How to figure out if row is equal to a specific input - php

I am trying to figure out how to get a specific input from a database and fetching it. If its not equal to 1 do function.
Example code:
$admincheck = "SELECT admin FROM users";
if($admincheck == 0){
echo "<p style='font-size:40px;text-align:center;'><strong>Du har ikke tilgang til å se dette innholdet.</p>";
In my user database i have Username, Password, Admin.
Admin is default 0. If the number is 1 i want to grant access to that specific website.

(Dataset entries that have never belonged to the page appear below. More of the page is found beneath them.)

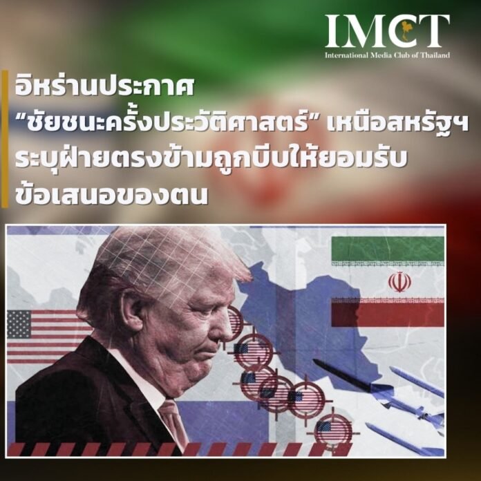 อิหร่านประกาศชัยชนะ “ครั้งประวัติศาสตร์และเด็ดขาด” เหนือสหรัฐฯ และอิสราเอล หลังสงครามยาวนาน 40 วันระบุว่าวอชิงตันจำต้องยอมรับข้อเสนอ 10 ข้อของอิหร่าน รวมถึงการหยุดยิงถาวร การยกเลิกมาตรการคว่ำบาตรทั้งหมด และการถอนกำลังทหารสหรัฐฯ ออกจากภูมิภาค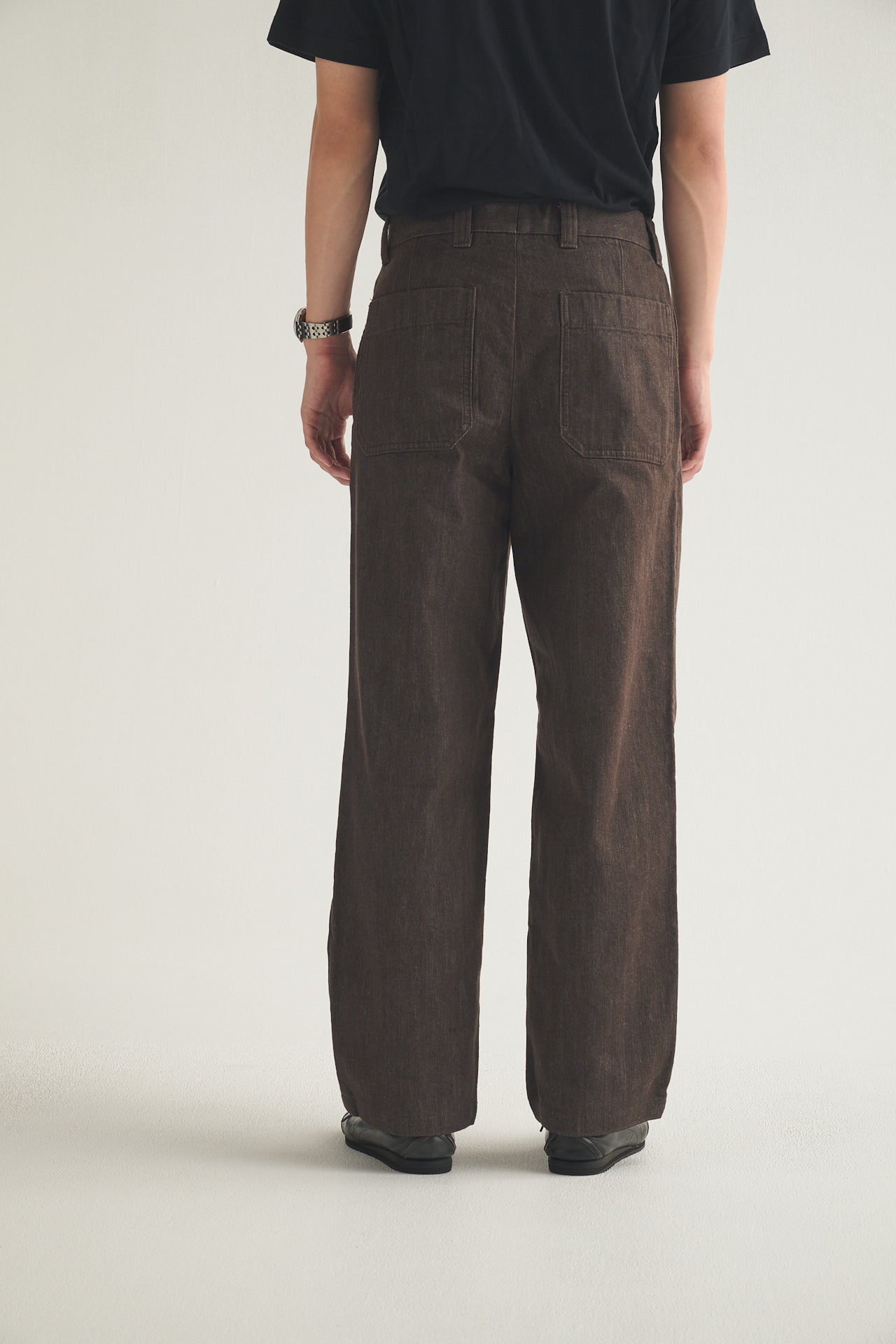 フロント、サイド、バックのシルエットを並べてみました。股上の深さもそこまで変わりませんが、「ユニクロ:シー」のほうがサイドの印象がスマートだと思いませんか? この見え方の違いはおもしろいですね。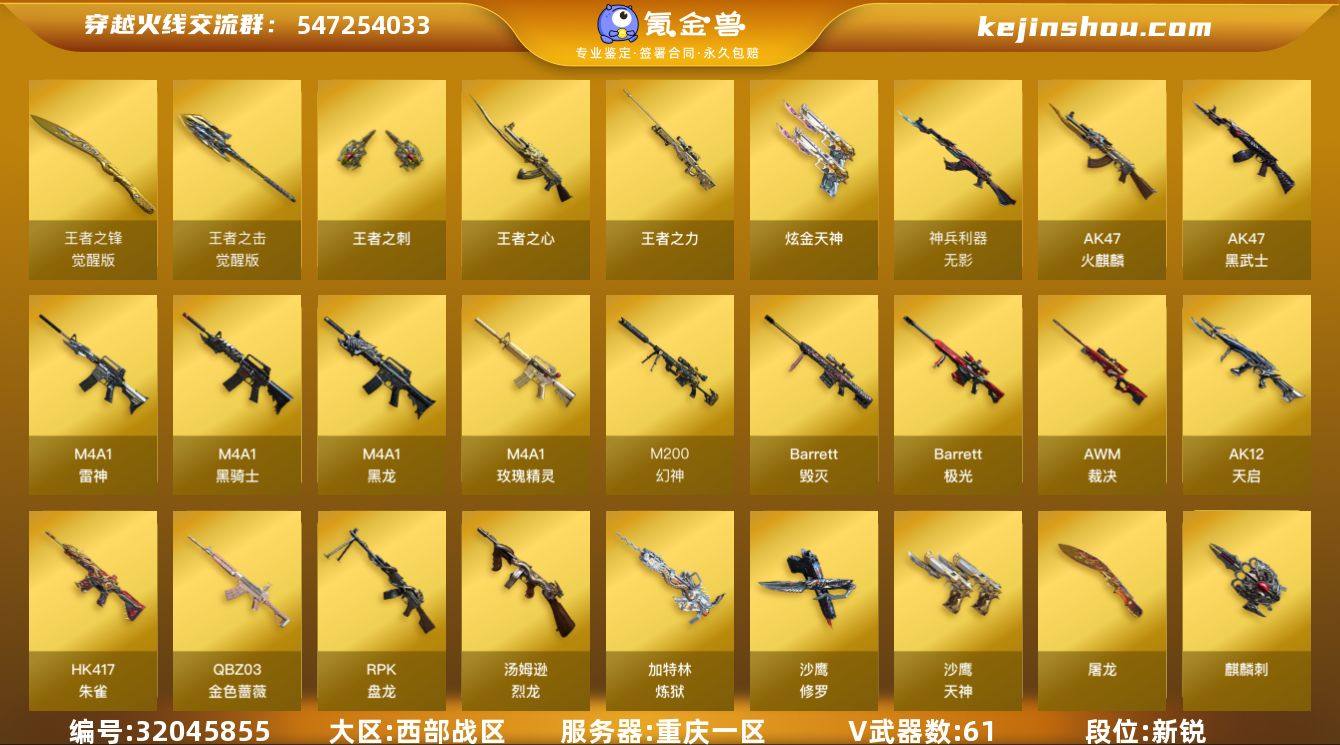 重庆一区-63V-6王者-1炫金 【热门武器】:QBZ03-金色蔷薇,HK417-朱雀*2,M200-幻神,死亡之眼,M4A1-黑骑士,汤姆逊-烈龙*6,RPK-盘龙*2,加特林-炼狱*5,斯泰尔-蝴蝶,USP-雷暴,沙鹰-修罗*4,荣耀世冠-龙啸 【王者炫金武器】:王者之心,王者之力,王者之刺,炫金天神 【音效卡】:修罗-云海游龙音效卡,M200-幻神音效卡,AK47-火麒麟音效卡,M4A1-雷神音效卡,M4A1-黑骑士音效卡,Barrett-毁灭音效卡 【皮肤】:幻神-丹凤,雷神-耀金皮肤,火麒麟-华夏之心,毁灭-星空,M4A1-千变-孔明皮肤,黑龙-暗月,黑骑士耀金皮肤,无影耀金皮肤,AK47-B-常胜将军-曹操,AK47-B-常胜将军-刘备,AK47-B-常胜将军-孙权 【角色】:零,魅影,王者零-华冠丽服,王者-救世主,暗夜-X,风暴女,嘉年华灵狐,零-热舞青春,零-水下丽影,灵狐者-职业经理,龙儿,曼陀罗-X,潘多拉-X,潘多拉-甜心教官,青霞仙子 【人偶武器】:斯泰尔-蝴蝶,AWM-灵狐-15周年嘉年华*2,闪光弹-貂蝉,高爆手雷-大乔 【暴走生化】:死亡之眼,超级对讲机 【挑战大师】:神圣爆裂者III 【英雄级武器】:AK47-火麒麟,M4A1-黑龙,M4A1-雷神,M4A1-黑骑士,AK47-黑武士,AK12-天启,HK417-朱雀*2,无影-神兵利器,M4A1-玫瑰精灵,QBZ03-金色蔷薇,AK47-B-常胜将军,Barrett-毁灭*2,Barrett-极光,AWM-裁决,M200-幻神,Barrett-金色蔷薇,RPK-盘龙*2,加特林-炼狱*5,汤姆逊-烈龙*6,沙鹰-修罗*4,沙鹰-天神*2,USP-雷暴,屠龙,擎天*4,麒麟刺*2,荣耀世冠-龙啸,斩神刀-雷暴,王者之锋-觉醒版,王者之击-觉醒版*2,高爆手雷-雷暴*4,闪光弹-雷暴*4,烟雾弹-雷暴*4 【道具】:超级背包,女皇终结者-魔龙之吻,灵魂忍者,妖姬,迷雾幽灵,夺命之镰,防化服,金色流光-枪王排位*2,流光-鎏金之域,防弹头盔,防弹衣,C4工具钳,手雷包 【特殊枪械】:蝴...

You will need to connect to the database and then run your query. You will get a resultset back and you get the value you want from the resultset. Then you can do whatever you need to do with the result.
Try something like the following (most of this was pulled from: https://www.php.net/manual/en/mysqli.query.php):
$mysqli = new mysqli("localhost", "username", "password", "databasename");
$username = "whatever username you are checking";
if ($mysqli->connect_errno) {
printf("Connect failed: %s\n", $mysqli->connect_error);
exit();
}
if ($result = $mysqli->query("select admin from users where username='$username'")) {
while($obj = $result->fetch_object()){
$is_admin = $obj->admin;
if ($is_admin === 0){
echo "whatever html you want to echo";
}
}
/* free result set */
$result->close();
}
$mysqli->close();
You will need to make sure that your database prevents more than one person from having the same username, I recommend adding a unique index on username. Usually people have an additional column called "id" that auto_increments so that it will always be a unique number and that's a lot easier to work with.
I recommend abstracting this logic into a separate file that will be responsible for verifying that the user is authenticated.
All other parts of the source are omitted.